New York Family Court Magistrate Allows Unprecedented Service of Process via Facebook; Will Others Follow?

New York Family Court Magistrate Allows Unprecedented Service of Process via Facebook; Will Others Follow?

In a little-noticed decision, Matter of Noel v. Maria, Support Magistrate Gregory L. Gliedman—a Staten Island, New York family court official—recently permitted a father seeking to modify his child support payments to serve process on the child’s mother by sending her a digital copy of the summons and petition through her Facebook account.

Magistrate Gliedman’s decision struck us at Socially Aware—where we follow such developments closely—as a groundbreaking move. We are unaware of any published U.S. court opinion permitting a plaintiff to serve process on a domestic, U.S.-based defendant through a Facebook account.

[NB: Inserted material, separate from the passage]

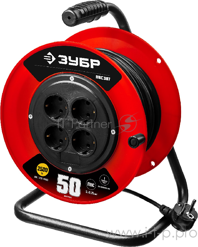 Удлинитель ЗУБР 55083-50 на катушке ПВС 307, 50 м, 2500 Вт, 4 гнезда, ПВС 3х0,75 кв мм

As we addressed in a 2012 Socially Aware blog post, in Fortunato v. Chase Bank a federal district court in Manhattan held that Chase Bank could not rely on Facebook to serve a third-party defendant.

While the same federal district court subsequently allowed the FTC to serve defendants through Facebook in FTC v. PCCare247, the service at issue in that case concerned documents other than the summons and complaint, and the defendants were two India-based entities and three India-based individuals who had already appeared through counsel and shown themselves to be on notice of the lawsuit.

Other cases authorizing service via social media have been similarly limited in scope. For example, in WhosHere v. Orun, the U.S. District Court for the Eastern District of Virginia allowed service via social media on a defendant who allegedly resided in Turkey. In Mpafe v. Mpafe, a Minnesota family court authorized the service of divorce proceedings on a defendant by “Facebook, Myspace or any other social networking site” where the defendant was believed to have left the country.

Further, the court in FTC v. PCCare247 permitted Facebook service only as a backstop to service by regular email, and specified that Facebook service alone might not satisfy due process because—as the court understood it—“anyone can make a Facebook profile using real, fake, or incomplete information, and thus, there is no way for the Court to confirm whether the [party] the investigator found is in fact the third-party Defendant to be served.”

Of course, Facebook has been well known for requiring use of one’s real name in opening a Facebook account. And although Facebook recently modified its real-name policy to accommodate stage names, Facebook remains strongly opposed to fake accounts. That being said, Facebook has acknowledged that many unauthorized accounts exist on its platform.

Moreover, with over 1.5 billion users, it’s not uncommon for people sharing the same or similar names to be mistaken for one another on Facebook; if you can accidentally send a friend request to a stranger who happens to share a name with a childhood classmate, could you end up serving process on the wrong person via a Facebook message?

And although a 2013 study revealed that smartphone users access their Facebook accounts an average of 14 times a day (!), might there be people out there who have a Facebook account but rarely if ever check it? Of course, this particular concern may be overcome by showing that a defendant is actively using his or her Facebook account; indeed, in Matter of Noel v. Maria, the father presented evidence that the mother had recently “liked” photos posted to another Facebook page, indicating that the mother was in fact an active Facebook user.

In any event, Magistrate Gliedman’s decision represents a significant milestone, and deserves greater attention and discussion. As Facebook and other social media practices become ever more deeply integrated into our lives, expect to see other judges and magistrates exploring—and perhaps even expanding—the circumstances under which service of process via a social media channel is deemed appropriate.